И именно здесь Витгенштейн максимально далек от логического позитивизма, что, в частности, отражает одно его замечание, приведенное в начале книги: «Мы чувствуем, что, если даже будут найдены ответы на все возможные научные вопросы, проблем жизни это никак не коснется [курсив оригинала. – Прим. авт. ]». (Tractatus, 6.52.)
Подобно Шопенгауэру, Витгенштейн верил, что нравственность есть сфера применения скорее воли, чем разума. «Только воля может выйти за рамки, которые на нас налагает язык… Если благое или злое использование воли меняет мир, оно может менять только рамки мира, а не факты – не то, что можно выразить с помощью языка… Мир счастливого человека отличается от мира несчастного».[538]

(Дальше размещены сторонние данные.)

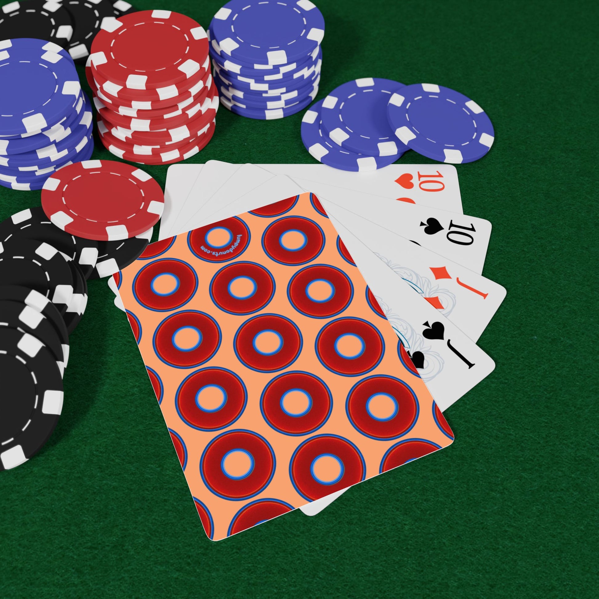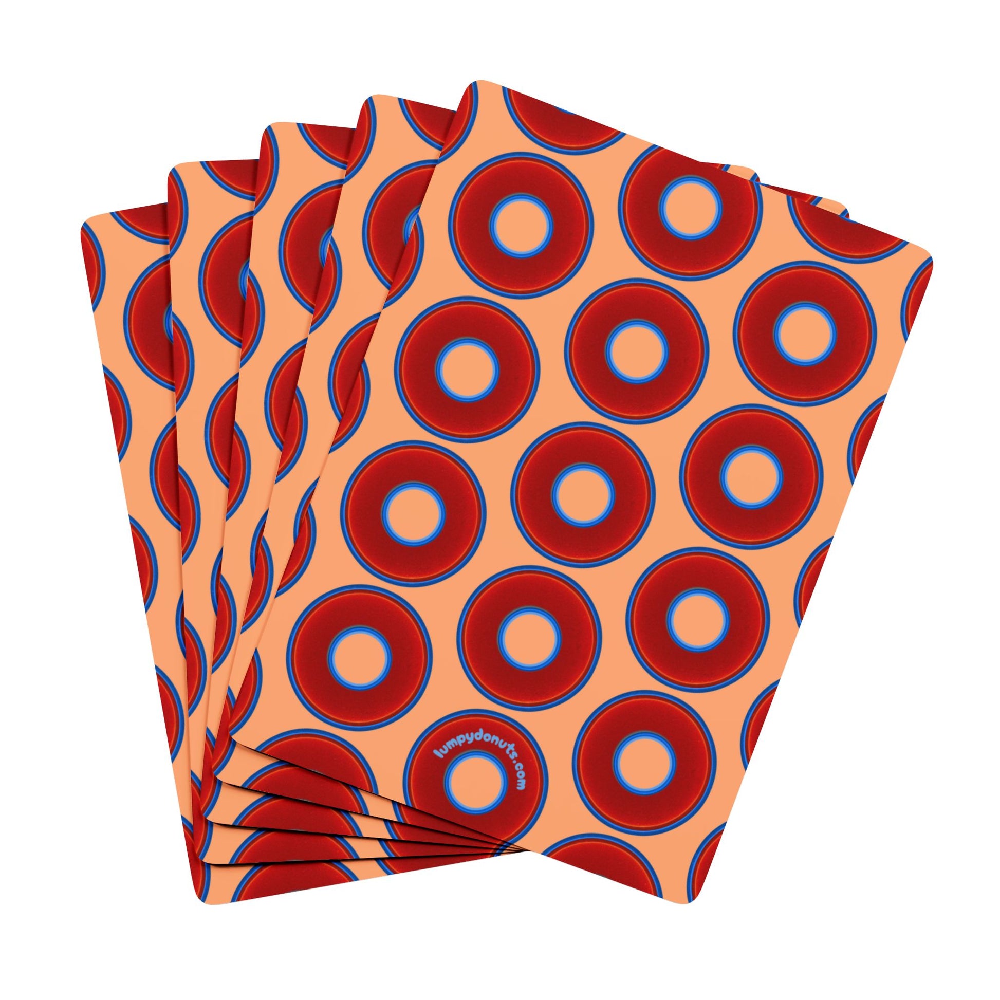 Lumpy Donut Playing Decks - 52-cards - red vivid donuts w/peach background

Кроме того, Витгенштейн полагал, что мистическое выражается через искусство и через действие. Он обсуждал со своим другом Полом Инглмэнном то, как мистическое проявляется в поэзии: ощущение, что стихи выходят «за пределы» слов, за рамки языка знакомо многим. Он также думал, что мистическое проявляется в таком стиле преподавания, который он использовал, завораживая студентов в Кембридже, а также считал, что некоторые аспекты преподавания происходят за пределами слов, за пределами нужных фактов и что это также можно отнести к категории мистического опыта.
Инглмэнн говорит о концепции «безмолвной веры» у Витгенштейна. За ней стоит сознательная попытка жить в соответствии с выводами из Tractatus – то есть делать то, чего нельзя сказать, но что можно показать. Что же касается этики, Витгенштейн считал неизбежно порочной любую попытку облечь ее в слова, сделать из нее доктрину. «Важно ничего не говорить об этике или религии, но просто действовать». (Это пересекается с идеей Мура, что «благо» невозможно определить.) Нам надо помнить, что логика не позволяет смыслу мира быть частью этого же мира, «поскольку смысл чего-либо не может быть частью того, смыслом чего он является».[539]